We want to put the users, their socio-economic needs, and their business requirements at the forefront. Imagine if the owner of a small strip mall or a single-family house can plan, re-design and decide on decarbonizing their facilities by uploading a file to an interactive portal. Imagine if all that is required is that the user write a set of short sentences describing how they like their facility to be re-made, then generative computing bots can transform the text into a digital layout of the facility. Imagine if we collect data about recent rehabilitation projects and use data analytics to “learn” what are the best means to rehabilitate every type of building. Imagine if we can predict the costs of conducting such rehabilitation.
Data Analytics and Machine Learning
The use of AI is not just about the impressive crunching of numbers. It is about letting real-world data inform us of patterns and new discoveries without the limitations of supervisory experts telling the computer what is right. It is about being agnostic to data types and structure. It is about letting people access and use sophisticated tools using simple input and friendly interfaces while keeping the sophisticated analytics and number crunching hidden. Ultimately, it is about empowering people to focus on sharing ideas, learning new knowledge, exploring different ideas, focusing on outcomes not just means, and co-generating (different) futures.
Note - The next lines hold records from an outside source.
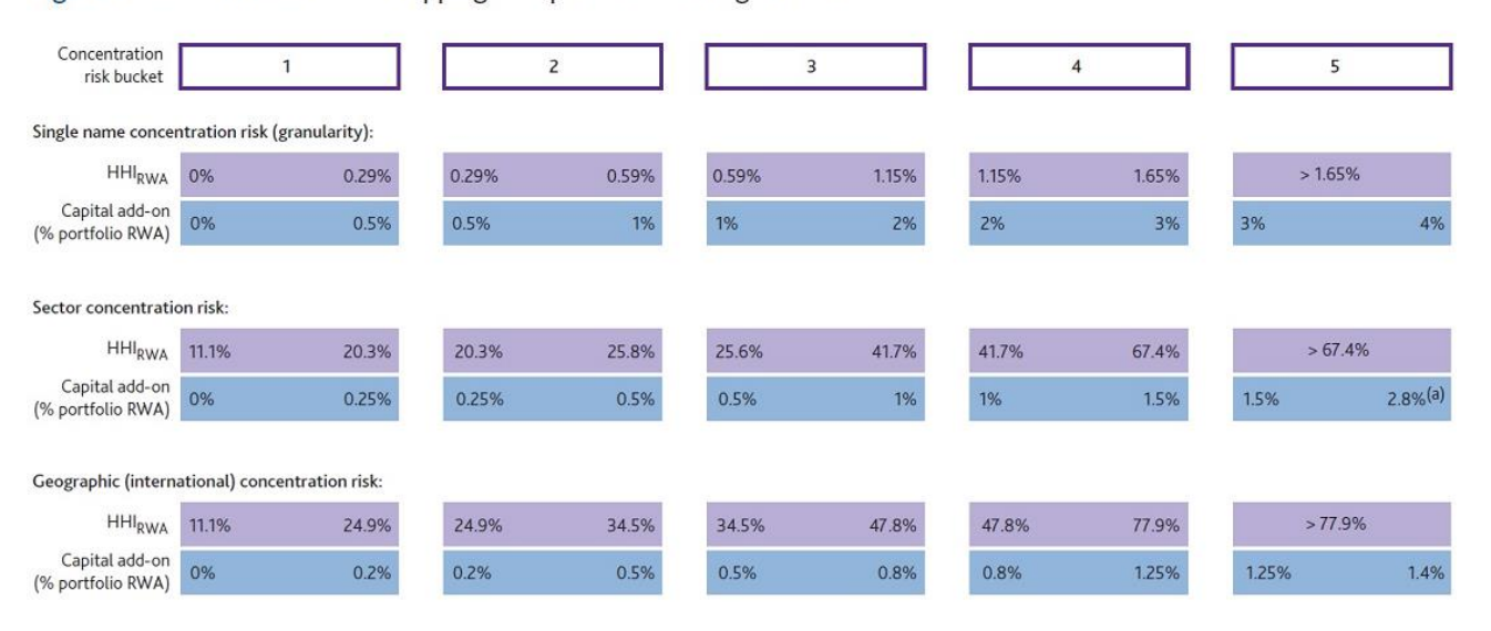
Figure 1 Concentration risk — mapping of capital add-on ranges to HHI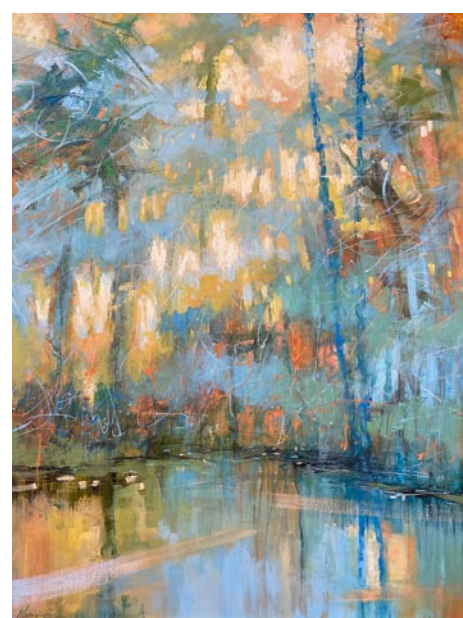
Work by Monique Carr

The style that emerges in Carr's work is out of the ordinary. It bursts with energy with its vibrant colors, constant movement and intriguing texture. She likes to experiment, try different mediums, substrates and embraces the new discoveries. Also, you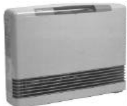
R431FP & R556FP and R431WTAP & R556WTAP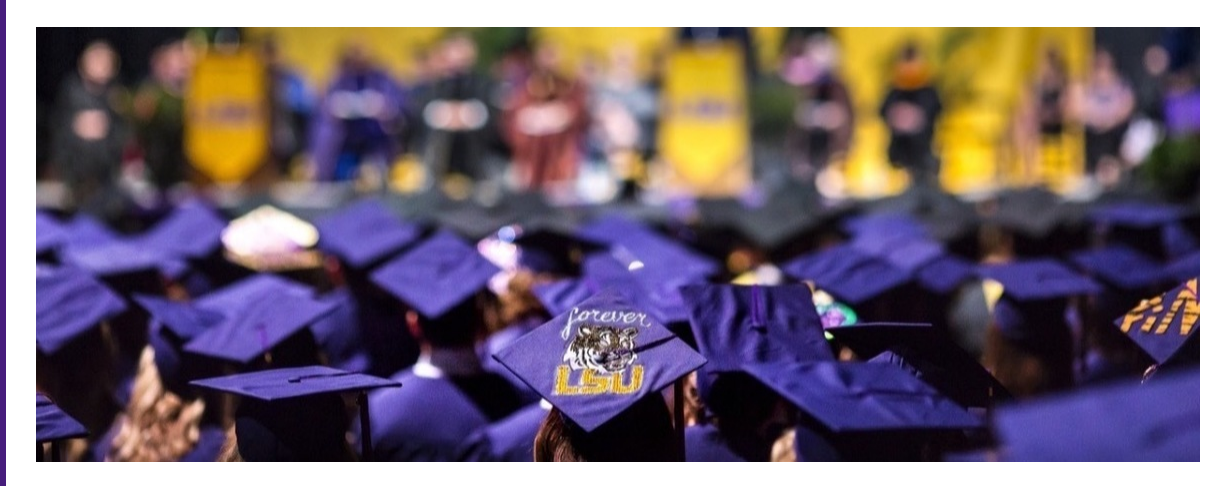
Fall Commencement - December 17, 2021

Stay tuned for the announcement of next year's Family Weekend date soon!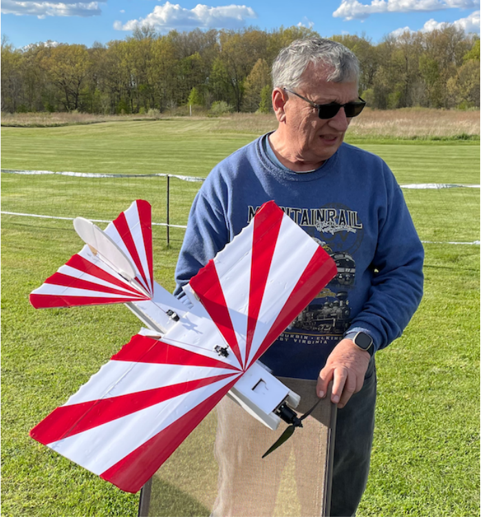
UFO members ordered and built them. He says that it flies great.

He noted that he built it for the United Flying Organization (UFO) combat events. He noted that 15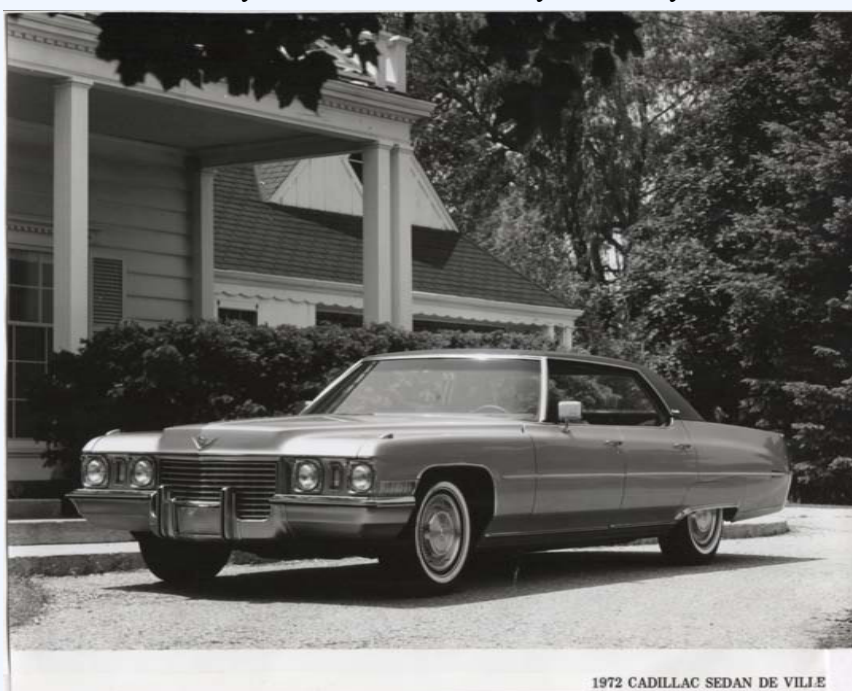
1972 CADILLAC SEDAN DE VILLE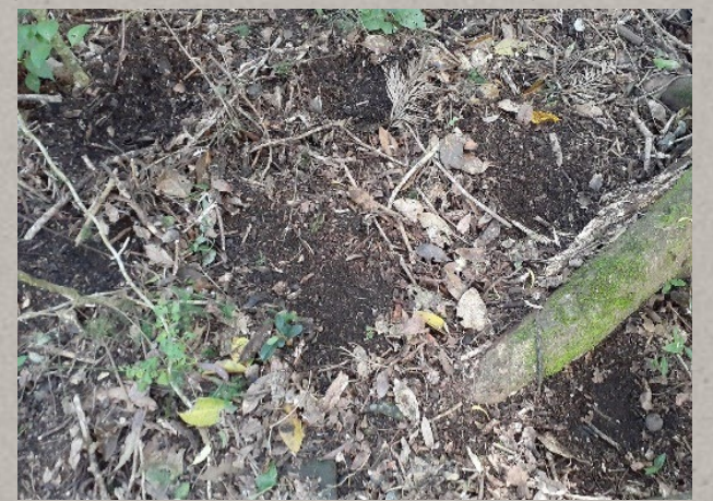
What causes these patterns in the leaf litter? Read on to find out!

It was fantastic to take part in the A Rocha Worldwide Forum Festival in June. I do encourage you to watch some of the video clips from the Festival talks.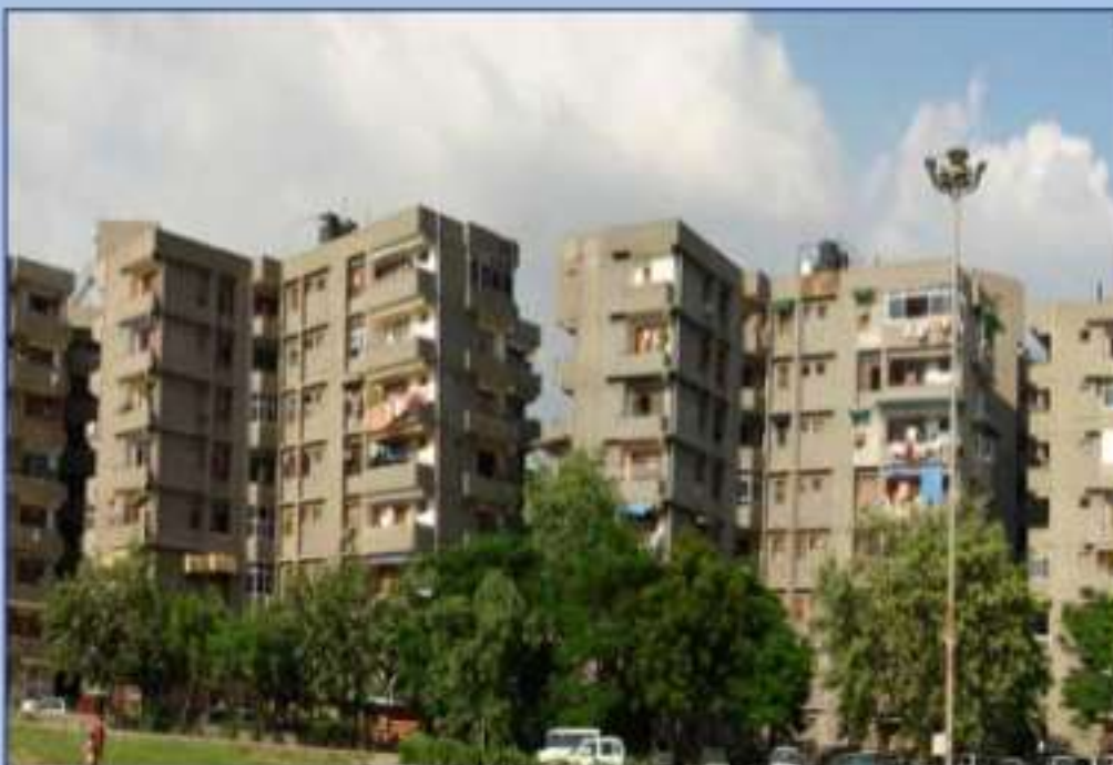
600 Apartments Co-operative Group Housing Society, Pitampura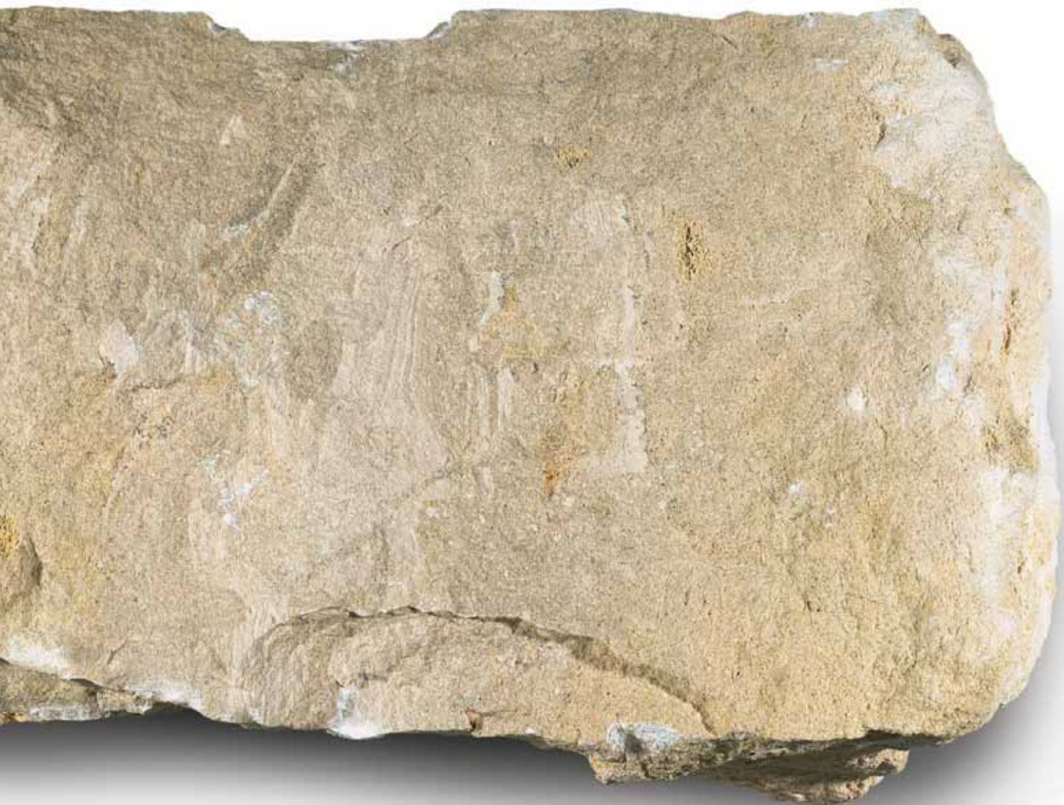
Rubble stone (scale 1:1)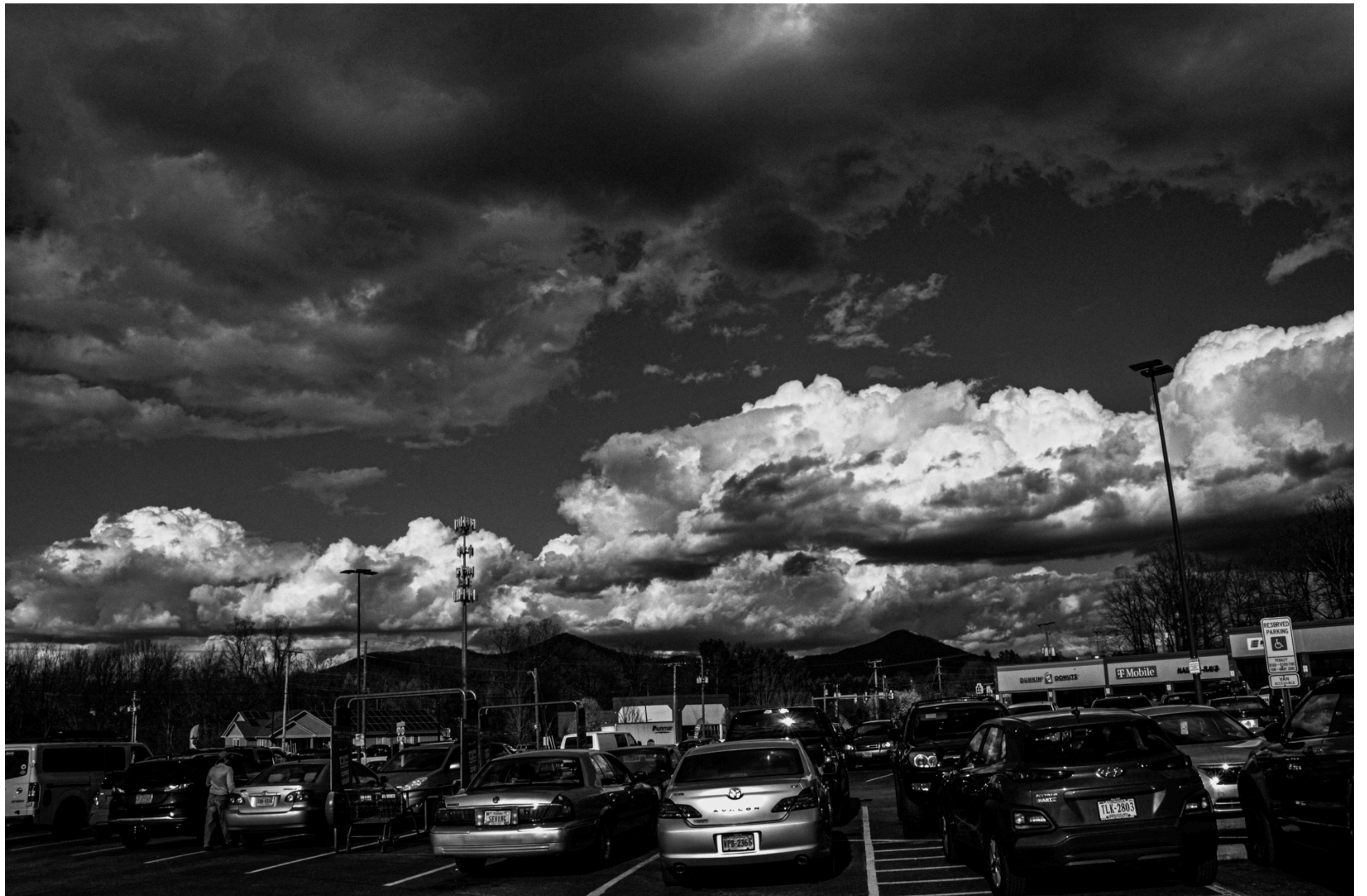
Entry - 12

The IBDT will conduct research on the use of machine learning to advance data-driven culture in the built environment, with particular emphasis on the use of analytics to generate business intelligence tools for enhancing project commissioning, advancing sustainable practices, and exploring new horizons in human-building interactions. The agenda spans four modes:
- Deployment: use BIM-based software to establish reliable means for data collection, sharing, and access.
- Analytics: Integrating IoT data, project documents, stakeholders' input to create soft-sensing mechanisms, where algorithms can detect new facts or events. Use predictive analytics to support proactive decision making. Use prescriptive analytics to assess the potential of future work/operations scenarios.
- Experimental: act as a testbed for advanced practice in process automation and streamlined information flows – deliver the right data to the right person at the right time.
- Explorative: investigate the potential of inductive programming and cognitive computing to advance virtualization, the concept of interactive buildings, and algorithmic governance of facilities
Data Governance & Policymaking
Data governance is not data access management. In addition to access, governance encompasses the policies and tools for advancing the role of data in organizational decision making; rational collection of data; reliable quality assurance; promoting transparency; empowering users not only to access and understand the data, but also use data to generate insights.
In general, and specific to the built asset sector, there has been a hesitation to sharing data in the industry. In many cases this is due to uniformed traditions. It also relates to the perception that data sharing compromises competition, security or privacy. By progressively sharing its data and supporting research into data governance in the domain, UofT establishes a model that recognizes that i) transparency and data sharing has value not just to industry but the whole communities; ii) there are means to be transparent, while addressing the concerns about security and privacy.
IBDT will demonstrate the use of best practices in data governance; investigate policies for the collection and audit of data; examine the applicability of open data systems, including generating security/access rights best practices; and participate in realizing the data governance vision for UofT.